(SOURCE DATA begins)

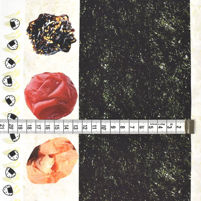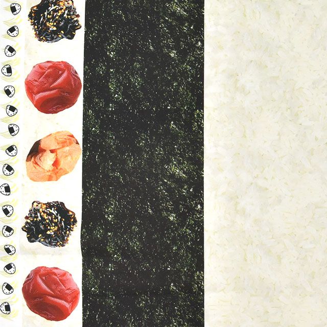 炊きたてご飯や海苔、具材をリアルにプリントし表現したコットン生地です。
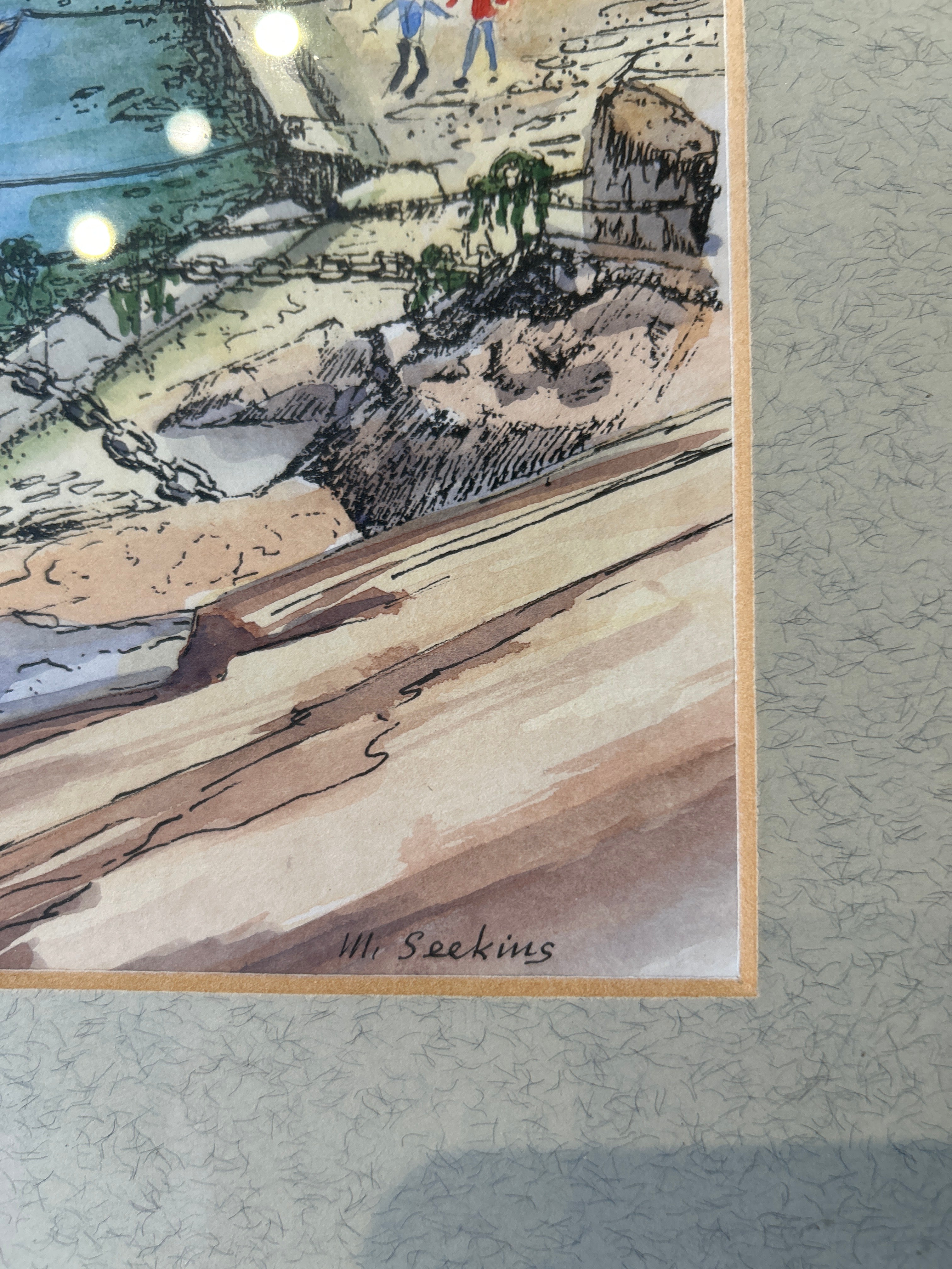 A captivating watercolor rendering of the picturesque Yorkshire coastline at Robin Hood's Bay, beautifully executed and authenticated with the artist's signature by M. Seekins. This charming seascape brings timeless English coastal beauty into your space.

(SOURCE DATA ends)
(SOURCE DATA begins)

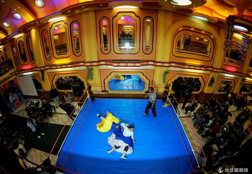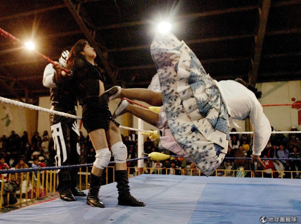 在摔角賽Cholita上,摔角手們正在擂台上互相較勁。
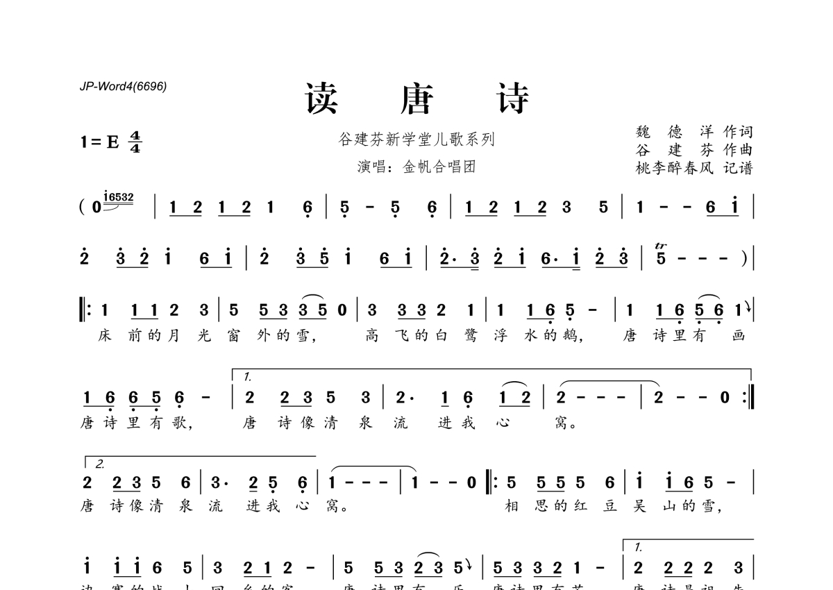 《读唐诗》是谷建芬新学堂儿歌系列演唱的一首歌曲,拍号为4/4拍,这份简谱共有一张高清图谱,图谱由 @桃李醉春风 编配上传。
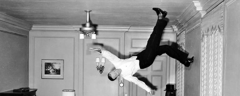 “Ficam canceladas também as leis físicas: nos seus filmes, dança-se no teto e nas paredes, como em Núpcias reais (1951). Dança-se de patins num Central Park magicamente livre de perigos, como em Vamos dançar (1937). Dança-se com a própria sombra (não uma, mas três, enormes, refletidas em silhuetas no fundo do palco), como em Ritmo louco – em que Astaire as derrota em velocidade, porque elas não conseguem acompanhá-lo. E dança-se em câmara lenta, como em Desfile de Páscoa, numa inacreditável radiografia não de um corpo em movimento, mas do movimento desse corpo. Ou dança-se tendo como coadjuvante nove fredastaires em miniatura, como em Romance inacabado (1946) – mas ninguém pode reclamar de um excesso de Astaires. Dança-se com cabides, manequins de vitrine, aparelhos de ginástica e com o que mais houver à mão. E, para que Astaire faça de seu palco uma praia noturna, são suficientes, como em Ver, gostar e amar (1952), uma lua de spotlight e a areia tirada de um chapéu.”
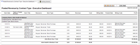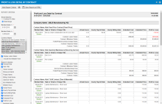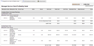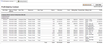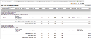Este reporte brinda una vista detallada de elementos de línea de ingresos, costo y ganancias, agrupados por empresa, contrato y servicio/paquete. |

(SOURCE DATA ends)
(SOURCE DATA begins)

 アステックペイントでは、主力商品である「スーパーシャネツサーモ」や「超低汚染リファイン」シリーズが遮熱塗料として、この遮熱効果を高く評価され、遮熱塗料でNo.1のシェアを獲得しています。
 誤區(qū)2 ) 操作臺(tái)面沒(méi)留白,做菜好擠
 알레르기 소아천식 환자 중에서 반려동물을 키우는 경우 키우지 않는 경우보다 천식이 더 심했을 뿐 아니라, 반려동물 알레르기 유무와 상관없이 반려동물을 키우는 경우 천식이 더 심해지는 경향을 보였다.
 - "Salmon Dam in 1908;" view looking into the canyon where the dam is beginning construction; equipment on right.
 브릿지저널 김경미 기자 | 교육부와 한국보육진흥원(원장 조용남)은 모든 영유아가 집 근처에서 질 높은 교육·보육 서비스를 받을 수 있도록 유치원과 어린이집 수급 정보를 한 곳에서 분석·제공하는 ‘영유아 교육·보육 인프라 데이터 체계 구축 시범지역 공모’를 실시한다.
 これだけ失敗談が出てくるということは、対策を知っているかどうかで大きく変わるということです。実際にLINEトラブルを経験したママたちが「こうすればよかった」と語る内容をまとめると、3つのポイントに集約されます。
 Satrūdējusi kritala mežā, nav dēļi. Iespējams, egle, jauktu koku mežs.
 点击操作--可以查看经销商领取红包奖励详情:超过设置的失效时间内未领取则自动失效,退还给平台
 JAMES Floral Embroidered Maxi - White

(SOURCE DATA ends)

§ PROBLEM TO SOLVE
Working from the data above, extract solely the lines from the one containing "誤區(qū)2 ) 操作臺(tái)面沒(méi)留白,做菜好擠" through the one containing "equipment on right.", exactly as they appear, both included.

§ SOLVED EXERCISE
 誤區(qū)2 ) 操作臺(tái)面沒(méi)留白,做菜好擠
 알레르기 소아천식 환자 중에서 반려동물을 키우는 경우 키우지 않는 경우보다 천식이 더 심했을 뿐 아니라, 반려동물 알레르기 유무와 상관없이 반려동물을 키우는 경우 천식이 더 심해지는 경향을 보였다.
 - "Salmon Dam in 1908;" view looking into the canyon where the dam is beginning construction; equipment on right.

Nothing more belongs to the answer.